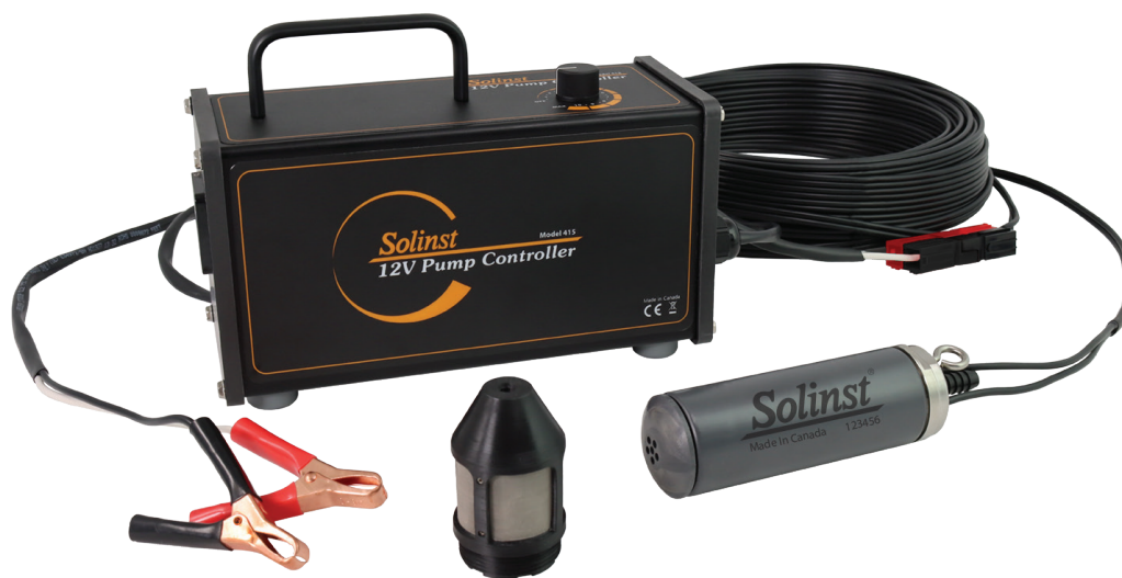
(Optional Water Filter)
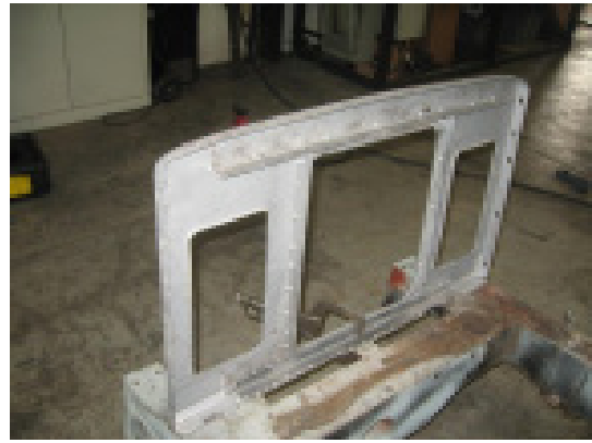
Completed modified radiator support
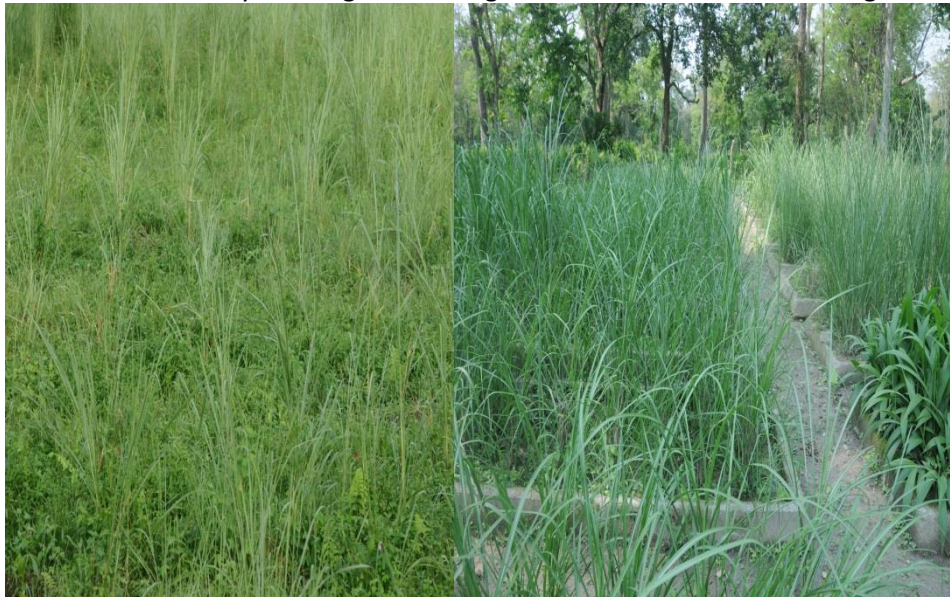
2015 Grassland Fodder Plantation at Jaldapara under Wildlife-III DMU

During FY 2015-16, Wildlife-III DMU was assigned to raise Grassland Fodder Plantation over 60 ha, while 40 ha of Grassland Fodder was allocated to Wildlife-II DMU. Wildlife-II DMU was also asked to raise Fodder Tree Plantation by working out Malling Bamboo areas over 5 ha during 2015-16.
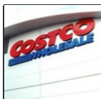
6 Costco Items About
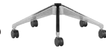
Powder Coated Silver
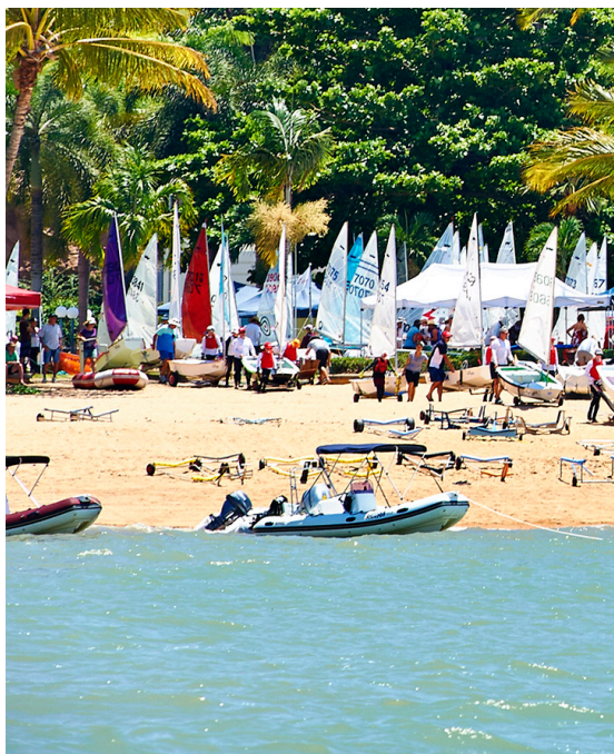
Juniors racing the Sabot Class Dinghy in the 2014-15 Australian Sabot Championships on Cleveland Bay

As the Commodore of the Townsville Sailing Club (TSC) I'd like to welcome you and your families to the capital of North Queensland to participate in the 57th National Sabot Championships from the 1st to the 8th of July 2021. We are looking forward to hosting your regatta and are well prepared to provide you with a first-class event, on the wonderful waters of Cleveland Bay.
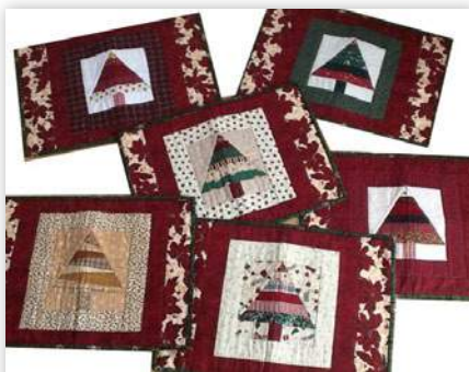
Set of six embroidered Christmas tree placemats, 100% cotton. £36, villeecampagne.co.uk
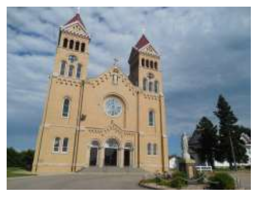
SUNDAY 8:00 AM

######

→ Assignment:
All of the lines above should be printed exactly, minus the pictures.

→ Exercise output:
(Optional Water Filter)
Completed modified radiator support
2015 Grassland Fodder Plantation at Jaldapara under Wildlife-III DMU

During FY 2015-16, Wildlife-III DMU was assigned to raise Grassland Fodder Plantation over 60 ha, while 40 ha of Grassland Fodder was allocated to Wildlife-II DMU. Wildlife-II DMU was also asked to raise Fodder Tree Plantation by working out Malling Bamboo areas over 5 ha during 2015-16.
6 Costco Items About
Powder Coated Silver
Juniors racing the Sabot Class Dinghy in the 2014-15 Australian Sabot Championships on Cleveland Bay

As the Commodore of the Townsville Sailing Club (TSC) I'd like to welcome you and your families to the capital of North Queensland to participate in the 57th National Sabot Championships from the 1st to the 8th of July 2021. We are looking forward to hosting your regatta and are well prepared to provide you with a first-class event, on the wonderful waters of Cleveland Bay.
Set of six embroidered Christmas tree placemats, 100% cotton. £36, villeecampagne.co.uk
SUNDAY 8:00 AM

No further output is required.